■ RECORD EXTRACTS ■
****

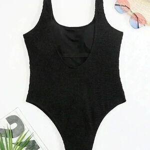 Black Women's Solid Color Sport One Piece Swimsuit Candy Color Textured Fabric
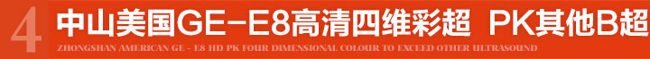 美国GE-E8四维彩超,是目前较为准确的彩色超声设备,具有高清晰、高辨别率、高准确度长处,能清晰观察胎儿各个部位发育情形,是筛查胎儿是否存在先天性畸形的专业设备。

****

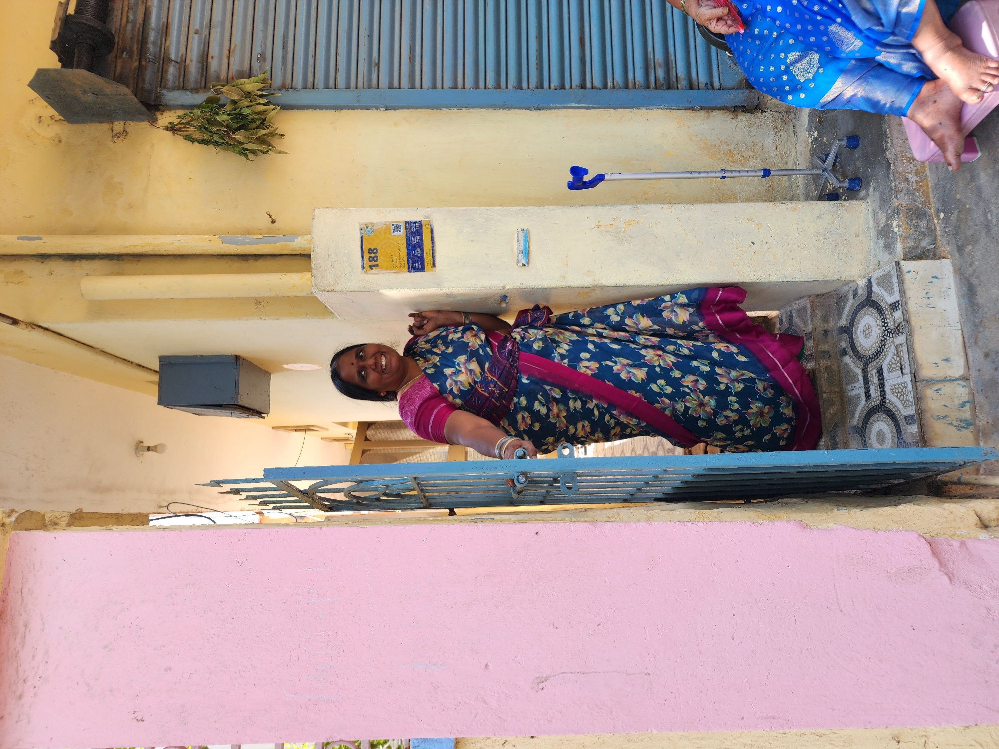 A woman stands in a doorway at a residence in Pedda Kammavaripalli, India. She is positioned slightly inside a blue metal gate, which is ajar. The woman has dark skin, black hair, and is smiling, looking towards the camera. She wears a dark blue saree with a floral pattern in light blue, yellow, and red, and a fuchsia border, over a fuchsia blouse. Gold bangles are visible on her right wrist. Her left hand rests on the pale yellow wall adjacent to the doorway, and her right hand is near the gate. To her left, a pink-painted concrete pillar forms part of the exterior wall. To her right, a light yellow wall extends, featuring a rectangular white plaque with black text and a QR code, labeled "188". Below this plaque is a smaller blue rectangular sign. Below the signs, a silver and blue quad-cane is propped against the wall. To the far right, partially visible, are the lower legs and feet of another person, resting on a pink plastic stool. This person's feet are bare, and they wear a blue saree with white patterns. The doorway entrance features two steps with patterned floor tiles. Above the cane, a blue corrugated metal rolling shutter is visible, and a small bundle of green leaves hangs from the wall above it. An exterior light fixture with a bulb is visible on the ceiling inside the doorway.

****

■ EXERCISE REQUIREMENTS ■
Out of the records above, set down only the lines from the one that contains "Black Women's Solid" through the one that contains "美国GE-E8四维彩超,是目", unchanged and without the pictures.

■ SOLVED EXERCISE ■
 Black Women's Solid Color Sport One Piece Swimsuit Candy Color Textured Fabric
 美国GE-E8四维彩超,是目前较为准确的彩色超声设备,具有高清晰、高辨别率、高准确度长处,能清晰观察胎儿各个部位发育情形,是筛查胎儿是否存在先天性畸形的专业设备。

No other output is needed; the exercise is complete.